**** Working data ****

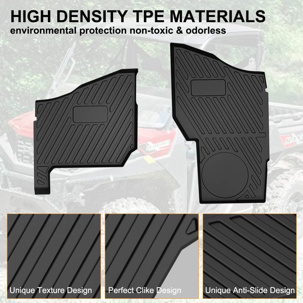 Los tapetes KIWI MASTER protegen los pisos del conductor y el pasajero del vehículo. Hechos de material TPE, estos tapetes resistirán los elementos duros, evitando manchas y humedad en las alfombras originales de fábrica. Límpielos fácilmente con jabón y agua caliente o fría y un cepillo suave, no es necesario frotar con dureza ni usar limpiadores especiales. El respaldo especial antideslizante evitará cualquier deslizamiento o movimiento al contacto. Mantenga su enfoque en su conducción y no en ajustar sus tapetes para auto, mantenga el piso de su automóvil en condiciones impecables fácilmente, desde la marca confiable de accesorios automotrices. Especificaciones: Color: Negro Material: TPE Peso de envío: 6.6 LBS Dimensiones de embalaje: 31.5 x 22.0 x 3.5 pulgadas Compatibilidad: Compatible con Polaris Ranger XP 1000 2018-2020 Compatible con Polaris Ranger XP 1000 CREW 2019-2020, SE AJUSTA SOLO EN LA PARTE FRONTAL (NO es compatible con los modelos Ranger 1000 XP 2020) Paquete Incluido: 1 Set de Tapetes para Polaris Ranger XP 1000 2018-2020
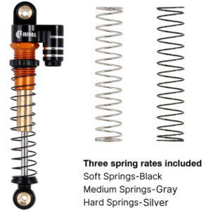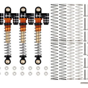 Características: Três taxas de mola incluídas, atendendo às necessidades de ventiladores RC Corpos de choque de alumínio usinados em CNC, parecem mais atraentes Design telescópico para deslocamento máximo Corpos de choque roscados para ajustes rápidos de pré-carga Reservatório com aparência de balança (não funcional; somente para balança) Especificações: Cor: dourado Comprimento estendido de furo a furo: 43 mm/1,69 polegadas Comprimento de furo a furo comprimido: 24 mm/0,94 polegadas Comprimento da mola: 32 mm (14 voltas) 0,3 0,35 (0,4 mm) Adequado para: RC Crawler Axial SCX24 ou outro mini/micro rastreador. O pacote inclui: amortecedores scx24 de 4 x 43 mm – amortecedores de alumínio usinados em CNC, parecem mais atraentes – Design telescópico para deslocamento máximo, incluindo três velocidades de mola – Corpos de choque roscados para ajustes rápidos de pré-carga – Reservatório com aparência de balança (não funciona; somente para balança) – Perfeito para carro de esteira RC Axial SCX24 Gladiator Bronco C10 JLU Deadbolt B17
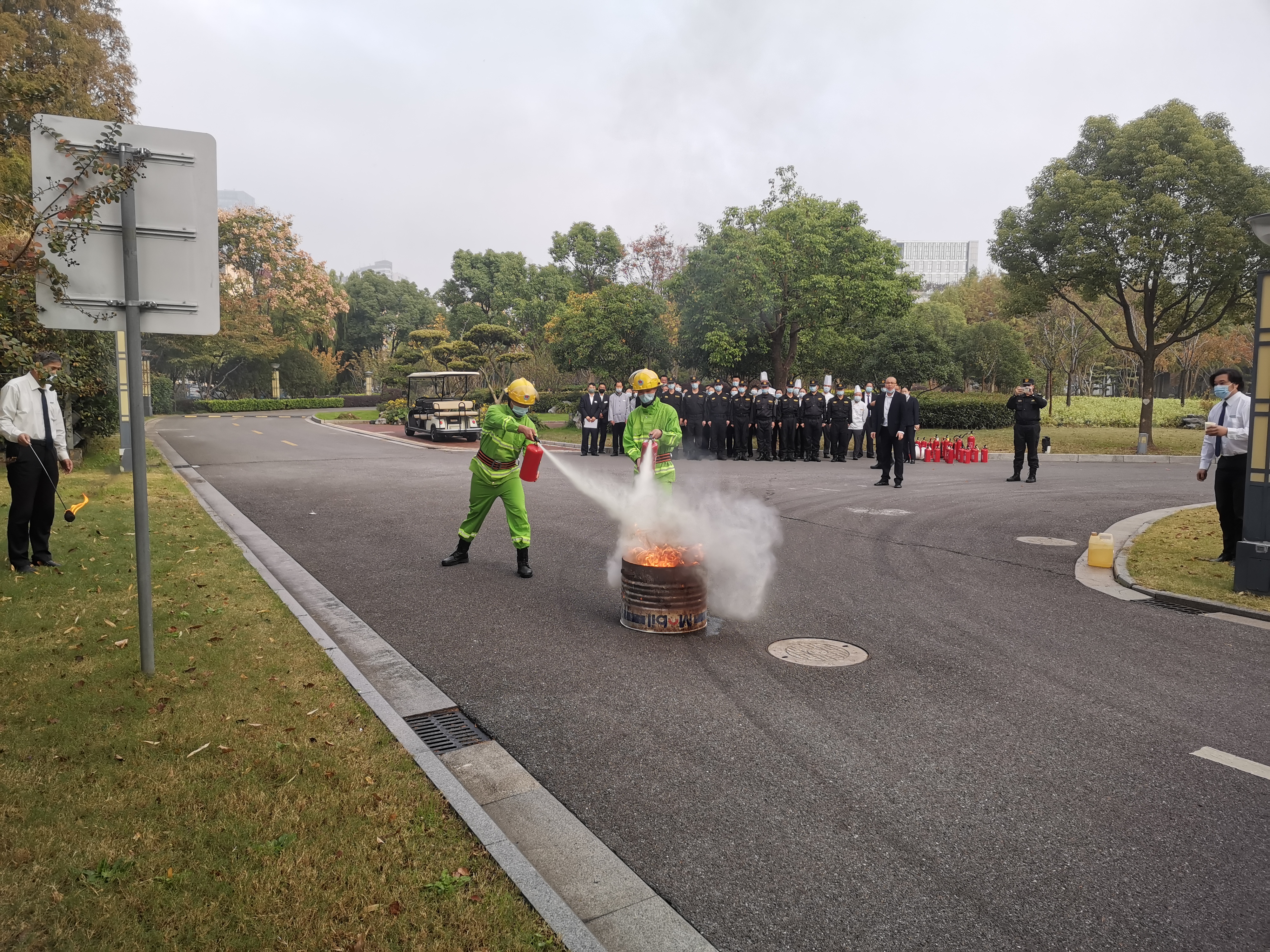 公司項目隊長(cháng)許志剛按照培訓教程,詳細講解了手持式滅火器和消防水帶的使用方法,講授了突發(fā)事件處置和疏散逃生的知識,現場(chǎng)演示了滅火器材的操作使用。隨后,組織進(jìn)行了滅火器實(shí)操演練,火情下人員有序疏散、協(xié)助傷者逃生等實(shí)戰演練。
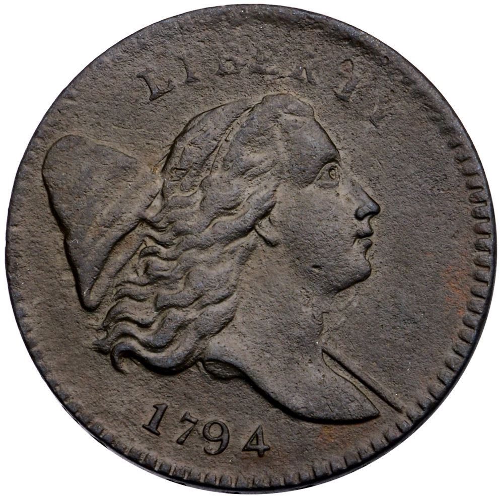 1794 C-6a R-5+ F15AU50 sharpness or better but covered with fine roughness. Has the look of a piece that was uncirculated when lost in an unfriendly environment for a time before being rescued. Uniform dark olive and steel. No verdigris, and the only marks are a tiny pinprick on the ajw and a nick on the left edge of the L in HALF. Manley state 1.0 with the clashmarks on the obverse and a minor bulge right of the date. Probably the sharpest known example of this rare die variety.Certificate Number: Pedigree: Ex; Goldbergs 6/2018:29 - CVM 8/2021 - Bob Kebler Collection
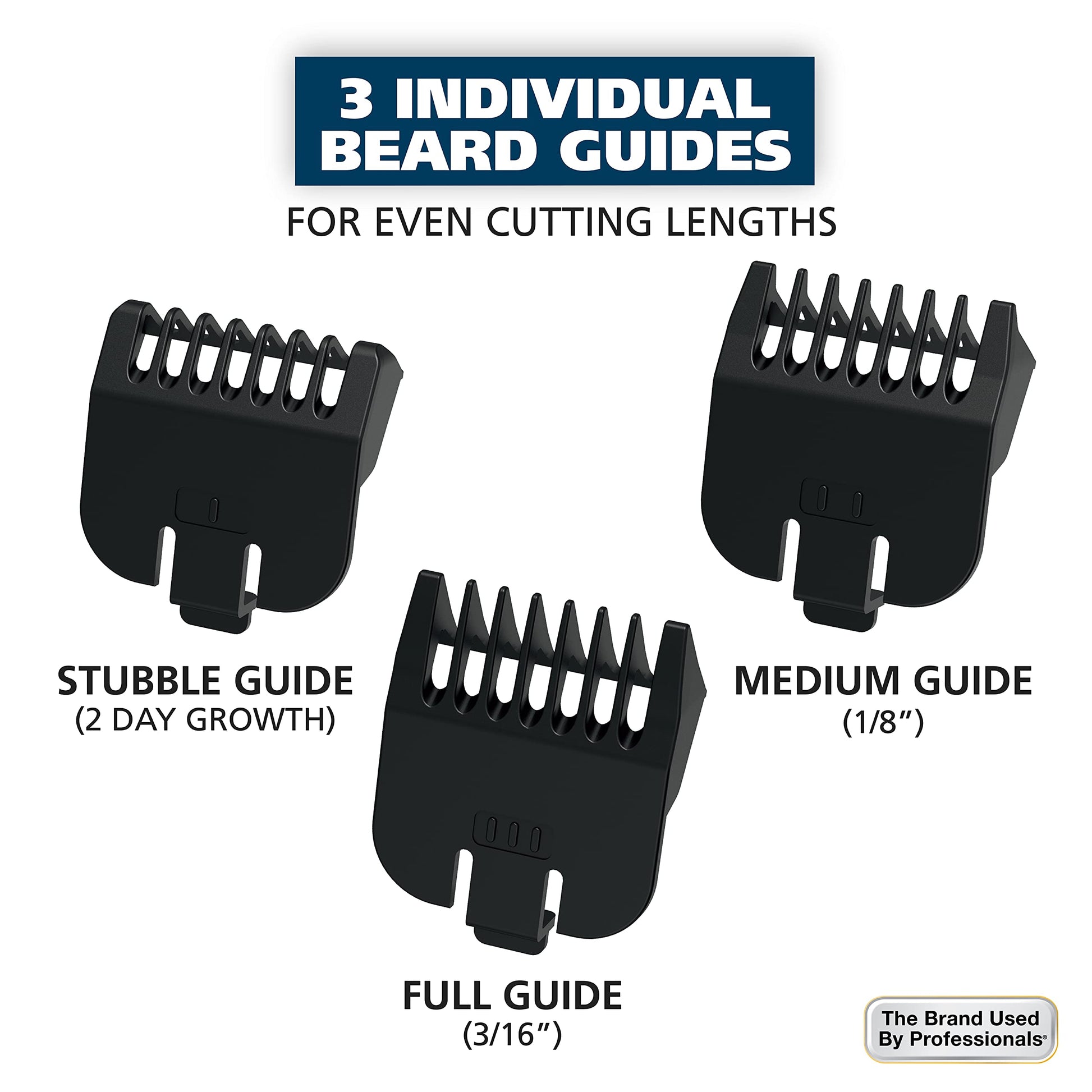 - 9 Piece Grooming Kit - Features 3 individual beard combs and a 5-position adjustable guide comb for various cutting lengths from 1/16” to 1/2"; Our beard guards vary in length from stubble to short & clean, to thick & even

****

** Assignment **
In your reply, please print exactly the lines from the one with "公司項目隊長(cháng)許" through the final line of the listing above, both included, and no pictures.

** Solved exercise **
 公司項目隊長(cháng)許志剛按照培訓教程,詳細講解了手持式滅火器和消防水帶的使用方法,講授了突發(fā)事件處置和疏散逃生的知識,現場(chǎng)演示了滅火器材的操作使用。隨后,組織進(jìn)行了滅火器實(shí)操演練,火情下人員有序疏散、協(xié)助傷者逃生等實(shí)戰演練。
 1794 C-6a R-5+ F15AU50 sharpness or better but covered with fine roughness. Has the look of a piece that was uncirculated when lost in an unfriendly environment for a time before being rescued. Uniform dark olive and steel. No verdigris, and the only marks are a tiny pinprick on the ajw and a nick on the left edge of the L in HALF. Manley state 1.0 with the clashmarks on the obverse and a minor bulge right of the date. Probably the sharpest known example of this rare die variety.Certificate Number: Pedigree: Ex; Goldbergs 6/2018:29 - CVM 8/2021 - Bob Kebler Collection
 - 9 Piece Grooming Kit - Features 3 individual beard combs and a 5-position adjustable guide comb for various cutting lengths from 1/16” to 1/2"; Our beard guards vary in length from stubble to short & clean, to thick & even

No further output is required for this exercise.